Basic Emotion Recognition Abilities. To assess the 
construct validity of the German Eyes test, we 
examined its association with the Facially Expressed 
Emotion Labeling (FEEL) test (H. Kessler, P. Bayerl, 
2002), which assessed basic emotion recognition 
abilities. The FEEL test is a validated computerized 
test consisting of 42 photographs of people's faces 
appearing briefly on a screen. After a short delay, 
participants have to decide which of the six basic 
emotions (happiness, sadness, disgust, fear, surprise, 
anger) was presented. The validity of the FEEL test is 
supported by negative associations with scores of the 
German version of the Toronto Alexithymia Scale 
[TAS; (J. Kupfer,2000)], and in particular with the TAS 
scale "difficulty recognizing feelings". 

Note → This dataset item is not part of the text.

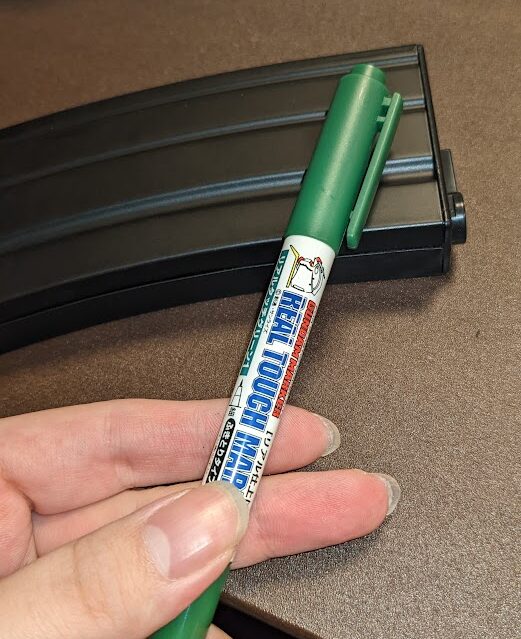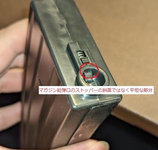 そこでチャンバーの給弾口に水性ペンで塗って、マガジン挿入して当たり面の確認したところ、マガジン給弾口のストッパーの根元3㎜くらいの平坦部に当たってるのが分かった。

Verbal skills. The Mehrfachwahl-Wortschatz- 
Intelligenztest (MWT), a multiple choice word 
comprehension test with high reliability (Parallel test 
correlation between version A and B: r=0.84, test-retest 
reliability: r=0.87 after 14 months) [MWT-A; (S. 
Lehrl,1974), (S. Lehrl,1995)], served as an index of 
verbal skills. The MWT is a widely used German test 
of semantic knowledge and language related 
intelligence (J. L. Horn, 1966). It can be considered a 
German equivalent to the Spot-The-Word test (A. 
Baddeley, 1993). Each of its 37 items comprises one 
word and four fictive words (e.g. "nedarid") and 
participants have to identify the real word. A verbal 
intelligence quotient (IQ) can be calculated, serving as 
measure of verbal skills in this study. 

Procedure 

The study was approved by the local ethics committee 
for medical research. After participants gave written 
informed consent, the Eyes Test was administered in a 
quiet room of the University of Basel. Participants 
were instructed to look carefully at each picture and - 



after reading the four words - to indicate as fast as 
possible which word describes best what the person 
whose eyes are shown is feeling or thinking. They 
could use a glossary at any point during testing to 
look up word meanings. Before completing the Eyes 
Test, 132 of the 155 participants (74 women) carried 
out the MWT (S. Lehrl, 1974) and the FEEL Test (H. 
Kessler, 2002). For the remaining participants, these 
data could not be collected. To assess the test-retest 
reliability of the German Eyes Test, 40 of the 132 
participants (21 women), completed the test twice 
(average between testings: 3 weeks). Participants 
received no compensation but a written report 
regarding their performance on the completed tests. 

Statistical Analyses 

Statistical analyses were performed using SPSS 18.0 
(SPSS Inc, Chicago, Illinois). Eyes test scores were built 
by calculating the sum across all items or across items 
considered acceptable based on item difficulty and 
test-retest analyses (see below). Due to right-skewed 
distributions of FEEL and Eyes test scores, Mann 
Whitney U-tests were used to evaluate gender 
differences in FEEL and Eyes test scores. 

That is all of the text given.